What challenges remain in making enterprise data AI-ready without increasing risk or complexity?

Several real challenges remain, and we would be the first to say the work is ongoing. The most pervasive is data quality. Enterprise data is messy: unstructured, duplicated, inconsistently formatted, and full of stale or contradictory material. Making it genuinely useful to AI requires consolidation, deduplication, and a way to favor current, relevant content over noise. A consolidated secondary data platform helps with this, but curation never fully goes away.

The hardest security challenge is permission fidelity at scale — what we call permission-aware retrieval. Ensuring that AI honors every entitlement, especially when the original permissions across source systems are complex or inconsistent, is genuinely difficult. Getting this wrong is how organizations accidentally expose information through AI that they would never expose directly, so it has to be engineered carefully rather than assumed.

Classification is closely related. Before sensitive or regulated data, such as PII, financial records, and health information, is made available to AI, an organization needs to know where it is and how it should be handled. That discovery and labeling work is substantial in most enterprises.

There are also the well-known model-side issues: grounding answers reliably, avoiding hallucination, and providing clear provenance for every response. And there is the practical matter of scale and freshness. generating and maintaining embeddings across very large corporations, and keeping them current as data changes, without runaway cost.

Our architecture is designed to reduce rather than add to these risks, because it does not move data and it inherits existing controls. But classification, permission fidelity, freshness, and scale are industry-wide problems that demand continued engineering investment. The answer is not to slow AI adoption; it is to make the underlying data foundation governed and resilient enough that adoption does not come at the cost of new exposure.

How does this patent strengthen Cohesity's long-term vision for AI-powered data management and cyber resilience?

This patent validates and protects the core architectural bet at the center of our strategy: that enterprise AI should run directly on secondary data, in place, with security first. Being the first data protection vendor to patent this approach gives us defensible, differentiated ground at exactly the intersection where we believe the market is heading. And the fact that the inventors span our engineering and executive leadership, including our CEO, reflects how foundational we consider this to be: it is not a side project, it is central to where the company is going.

More importantly, it ties together the two halves of our mission. Cohesity exists to keep data secure and recoverable, and to help organizations extract value from it. For a long time, those felt like distinct goals. This innovation unifies them.

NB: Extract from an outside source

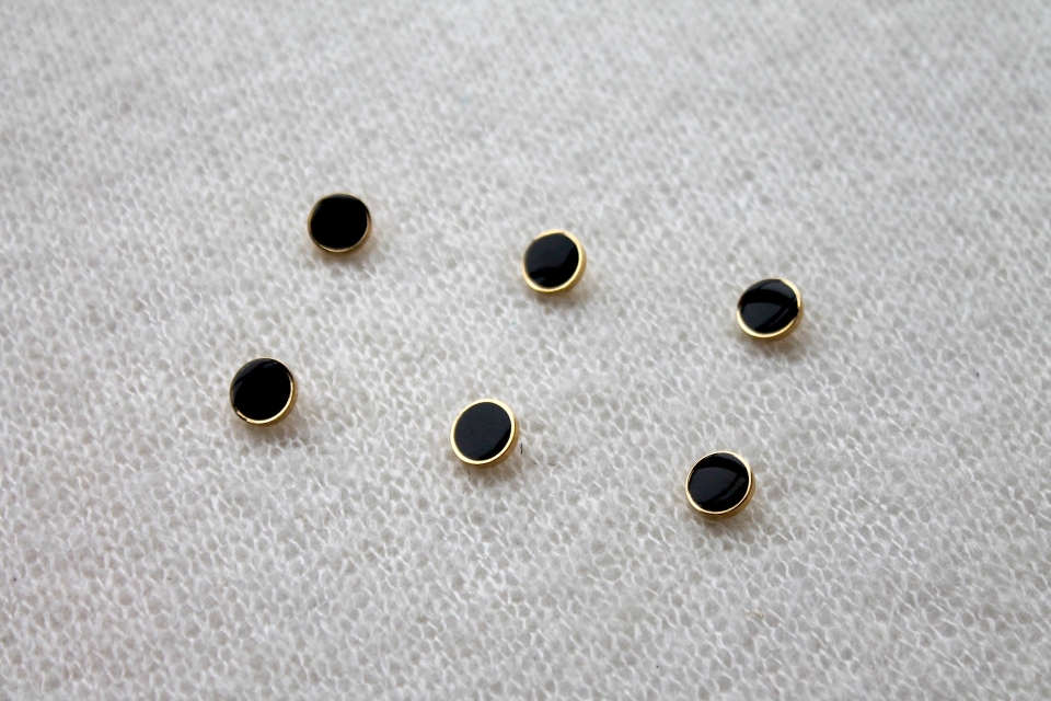 This is a vintage style shank button in gold metal with a twisted edge and black glass inlay. Measures about 1.5cm across.

The protected, immutable, governed recovery data that defends an organization against ransomware and lets it bounce back from an attack becomes the same trusted knowledge source that grounds its AI. One data estate delivers both cyber resilience and enterprise intelligence, without the customer having to maintain two separate worlds.

That has real strategic implications. It means every investment a customer makes in strengthening their data protection posture also makes their data more AI-ready, and every step toward AI-driven insight is built on a resilient, governed foundation rather than undermining it. The two reinforce each other.

Looking ahead, the patent anchors a platform we will continue to extend by deepening Cohesity Gaia, expanding the data types and workflows it supports, and moving toward more agentic capabilities — all while preserving the in-place, governed model that makes it safe. Our long-term vision is for the backup estate to be recognized as the secure foundation for enterprise AI, and this patent is a meaningful marker on that path.